Projektseite Volksmärchen Sagen Geschichten Etnologie Beriche © Arpa data
Textbreite
Schriftgröße
Kapitel 

Isländische Märchen


Illustrationen von Angelika Winkler

Märchen europäischer Völker


Das Loch der Riesin

Westlich von Sandsbygd geht ein großes Loch in die Erde hinab, das Loch der Riesin genannt, denn es wohnt eine Riesin darin. Einmal stieg ein Mann aus dem Dorf auf den Grund des Loches, um die Riesin aufzusuchen. Die Fahrt verlief gut, und er sah dort eine übergroße Alte stehen und Gold in einer Mühle mahlen; ein kleines Kind saß drinnen bei ihr und spielte mit einer Goldrolle. Die Alte war blind, und deshalb wagte sich der Mann so still vorwärts zur Mühle und nahm von dem Golde, das sie mahlte, an sich. Die Riesin sah und hörte nichts von ihm, aber merkte doch an sich, daß sich etwas Böses zutragen müsse, und sagte deshalb: »Entweder ist das die Maus, die herumläuft, oder der Dieb, der stiehlt - oder geht mir Alten das Mahlen nicht recht.« Der Mann ging nun mit dem Golde weg von ihr, nahm dem Kinde die Goldrolle und schlug es auf den Kopf, das jämmerlich zu weinen begann. Als die Riesin dies hörte, ahnte ihr Böses, und sie sprang auf die Füße, tastete nun in der ganzen Höhle nach ihm, aber fand niemanden, denn der Mann war längst aus der Höhle hinaus, war auf das Pferd gestiegen und jagte mit verhängten Zügeln schleunigst heim mit dem Golde.

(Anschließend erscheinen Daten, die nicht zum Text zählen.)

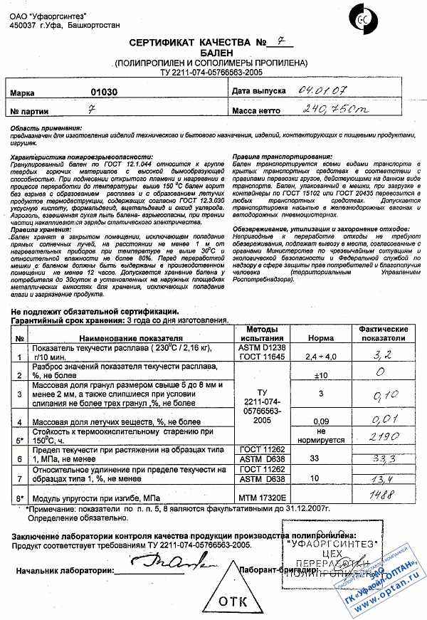 паспорт качества на Полипропилен 01030 (бален) производства Уфаоргсинтез, ОАО от 25.06.08

Die Riesin rief daher so laut wie möglich nach ihrer Nachbarin, erzählte ihr von ihrem Unfall und bat sie, ihr den Dieb fangen zu helfen. Sie war nicht faul zu Fuß, ihm nachzurennen, schritt über den Teich so gewaltig, daß die Fußspuren heute noch im Felsen gesehen werden, je eine auf jeder Seite des Teiches; sie werden die Spuren der Riesin genannt. Er war so weit entkommen, daß ein tüchtiges Stück Wegs zwischen ihnen lag. Als er zum Wolismoor kam, da war die Riesin ihm so nahe gekommen, daß sie den Schwanz des Pferdes erreichen und packen konnte, und sie ließ ihn nicht los, sondern hielt das Roß in der Bewegung auf; der Mann spornte das Roß so hart, daß es einen Sprung vorwärts machte, aber der Schwanz riß ab, weil die Riesin sich fest auf den Beinen hielt und Kraft hatte, zu widerstehen; das Roß fiel und der Mann kopfüber von ihm -da sah man die Kirche, und der Mann war gerettet. Die Riesin, die da keine Gewalt über ihn hatte, mußte umkehren.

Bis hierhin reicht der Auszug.